Query the database "btbd" twice with the Drosophila melanogaster protein scribbler (also known as Breakless). The first query should be done WITH the low-complexity filter switched on, the second query WITHOUT the filter switched on. This protein is predominantly low-complexity, but contains a Zinc Finger domain somewhere near the middle of the sequence.

The "btbd" database contains a set of sequences specifically chosen to illustrate features of sequence similarity searching. It contains several sets of proteins that are listed below - unless otherwise indicated, proteins that belong to one set are not related to proteins from another set. This should allow you to easily check the output of the BLAST searches for true and false positives and negatives.
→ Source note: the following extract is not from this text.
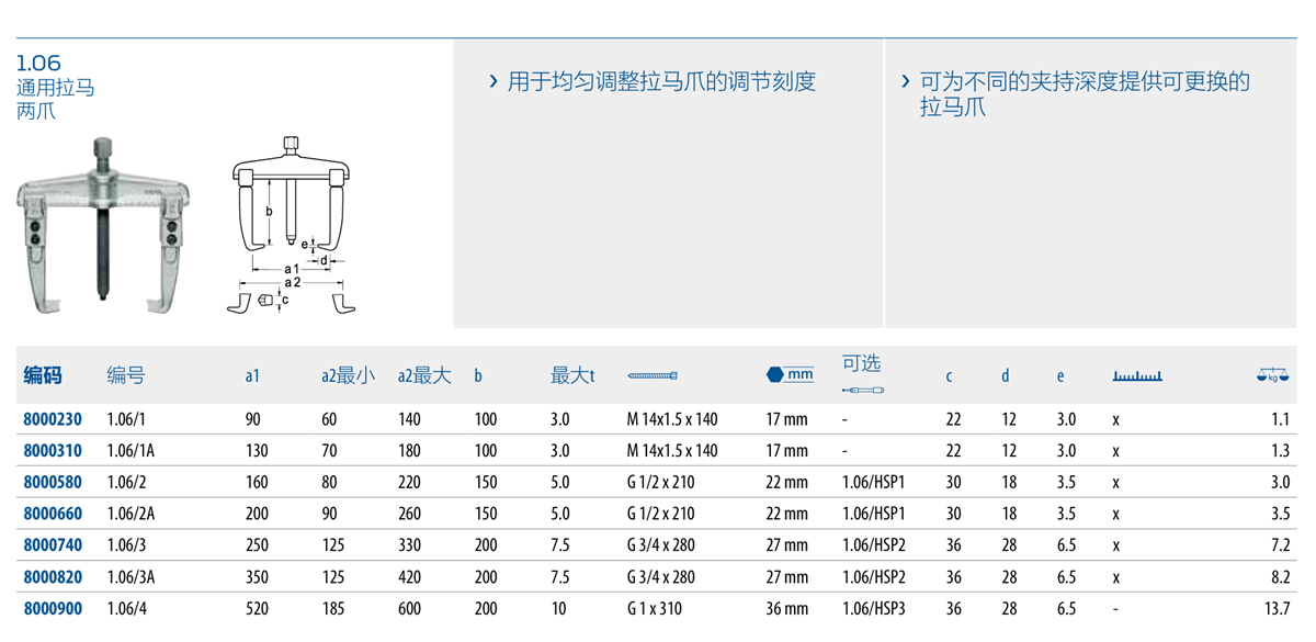 › 可为不同的夹持深度提供可更换的拉马爪

  • A20 zinc-finger domain containing proteins
  • Angimotins (contain colied-coil regions)
  • Collagens
  • Bacterial Ice-Nucleation proteins
  • Prions
  • rasGEF-domain containing proteins
  • Insect Scribbler/Breakless-like proteins (contain a C2H2-like Zinc finger domain)
  • Securins
  • Yeast-Eco1p-like proteins (contain an acetyltransferase domain - although this is currently missed in PFAM)
  • C2H2 Ziinc-finger domain containing proteins

(NOTE all zinc finger domains are presumed to be related to each other)


  • Is there a difference in the sensitivity and selectivity of these two searches?
  • Which of the searches was more useful in the search for distantly-related protein sequences?
Changing matrices and gap penalties

Hopefully the previous exercise has demonstrated that it is best to carry out searches of this kind with the low-complexity filter switched on.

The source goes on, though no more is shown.